L’engrenage des injections et des filtres
Dès l’âge de 21 ans, Nathanya Sion commence à avoir recours aux injections de botox. Son objectif initial est alors de ressembler aux filtres Instagram, recherchant des pommettes saillantes et un regard étiré vers le haut. Cependant, le résultat n’est jamais jugé suffisant. Elle confie être allée jusqu’à s’injecter 3 ml d’acide hyaluronique dans les lèvres, une quantité importante qui a fini par effacer ses traits naturels au profit d’une apparence de plus en plus artificielle.
Un retour douloureux à la réalité
C’est à la suite d’une période de dépression que la jeune femme décide de stopper cette course à la perfection. Ressentant un décalage profond entre son identité réelle et son apparence physique, elle a ressenti le besoin vital de se retrouver. Pour Nathanya, il était nécessaire de combattre l’image de « débile » que le public lui associait parfois en raison de son apparence physique transformée.
Elle s’est alors tournée vers un professionnel de santé pour entamer un parcours de retrait des produits injectés.

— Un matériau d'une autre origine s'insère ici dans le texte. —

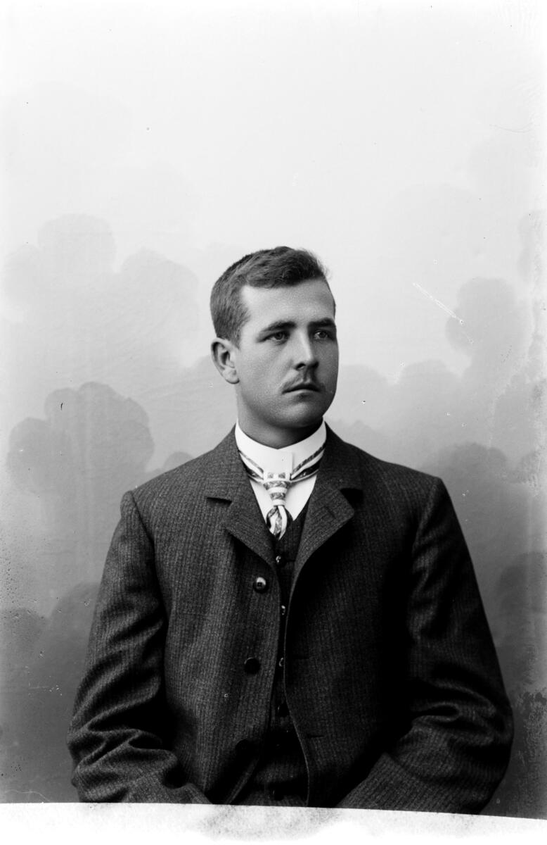 Titel: K E Karlsson; Frånö; Ingår i porträttsamlingen från Knut Wallins ateljé.
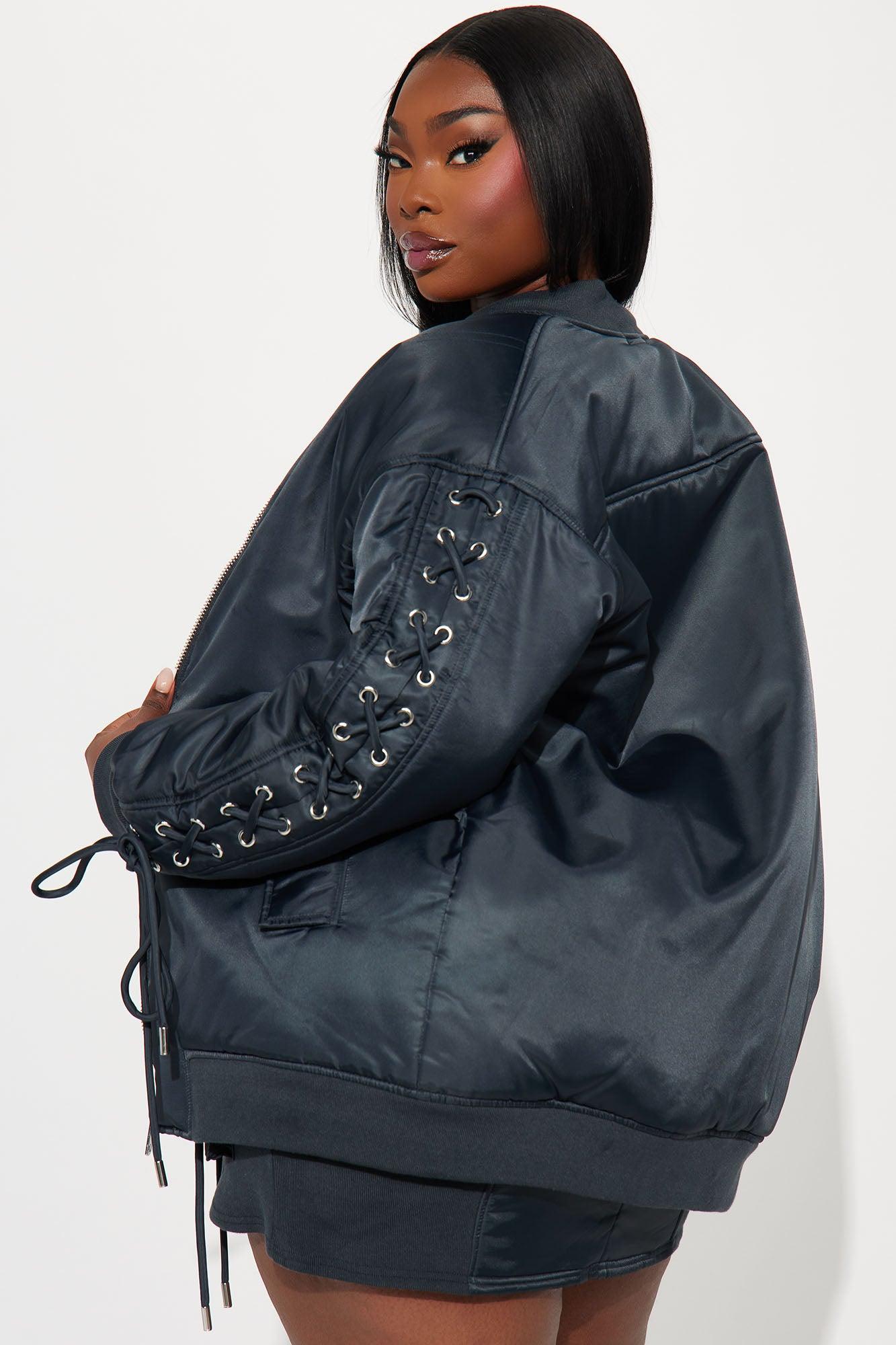 Available In Charcoal. Skirt Set Bomber Jacket Front Zipper Closure Sleeve Lace Up Detail Mini Skirt Cargo Pockets Lace Up Detail Back Zipper Non-Stretch Length: 12 1/2" 100% Nylon Imported California Proposition 65 WARNING: Cancer and Reproductive Harm - www.P65Warnings.ca.gov.
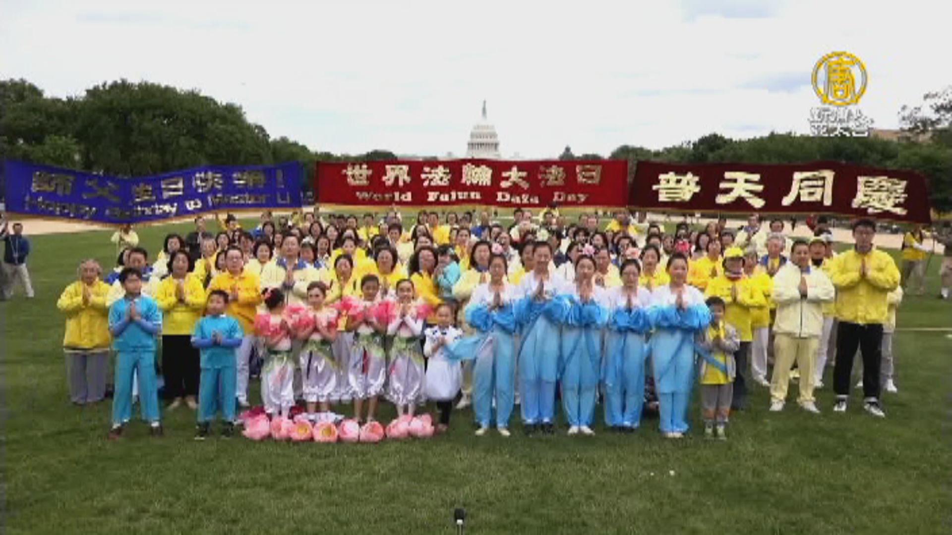 【新唐人亞太台 2017 年 05 月 09 日訊】為慶祝5月13日「世界法輪大法日」,美國首都華盛頓的部份法輪功學員週日(5月7日)在國家大草坪,以集體煉功、文藝表演等方式,與遊客們一起分享法輪大法的美好,同時也恭賀創始人李洪志先生66歲華誕。
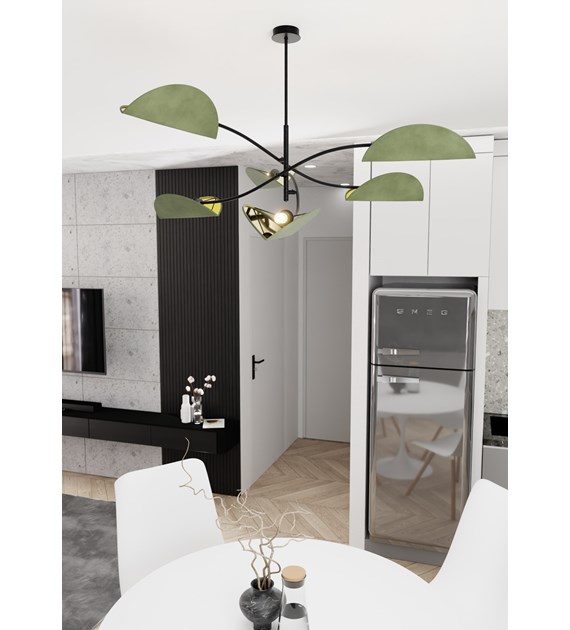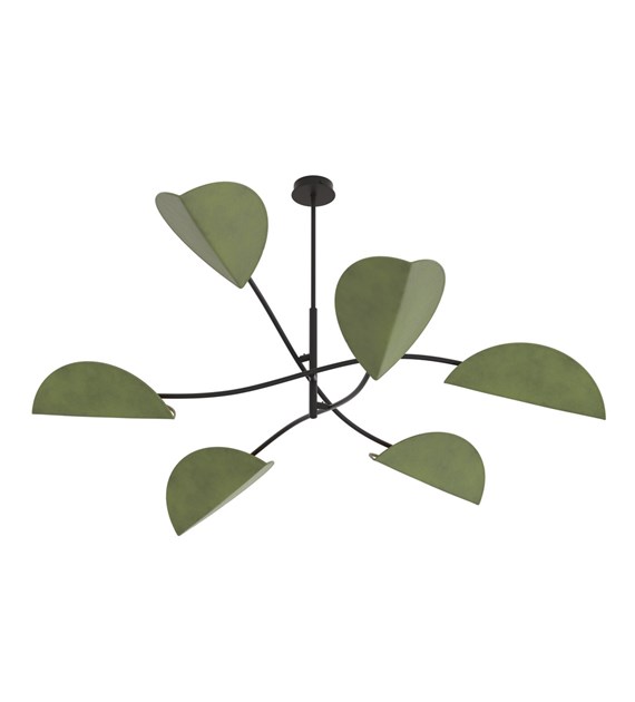 Plafonnier LOTUS vert, style ethnique, 6 lumières, flux homogène
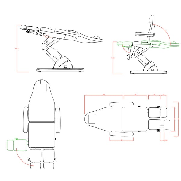 Elektrischer Podologiestuhl Cubo: Drei Motoren steuern Höhe, Rückenlehne und Sitzneigung
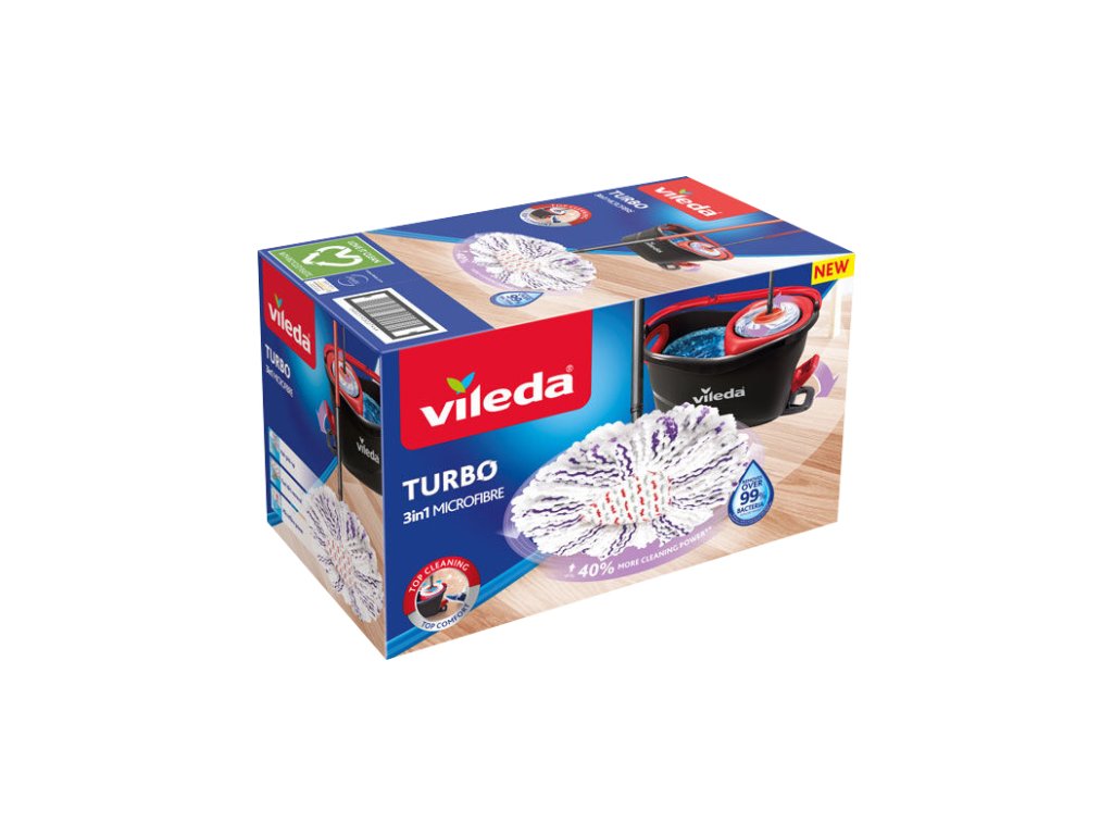 - Balení obsahuje Vileda TURBO 3v1 třásňový mop a kbelík se šlapacím pedálem.

Ce processus s’est avéré particulièrement éprouvant :
- L’utilisation de hyaluronidase, une enzyme destinée à dissoudre l’acide hyaluronique, décrite comme très douloureuse.
- Un protocole médical lourd nécessitant quatre interventions distinctes.
- Des effets secondaires marqués par des hématomes et des gonflements importants.
Une mise en garde contre les standards de beauté
Aujourd’hui, Nathanya Sion souhaite sensibiliser son public aux dangers d’une quête de beauté qu’elle qualifie de sans fin. Elle alerte sur l’influence néfaste des réseaux sociaux et appelle à une prise de conscience sur les conséquences physiques et psychologiques à long terme de ces interventions. Pour elle, ce témoignage est essentiel pour prévenir les dérives liées aux standards esthétiques actuels.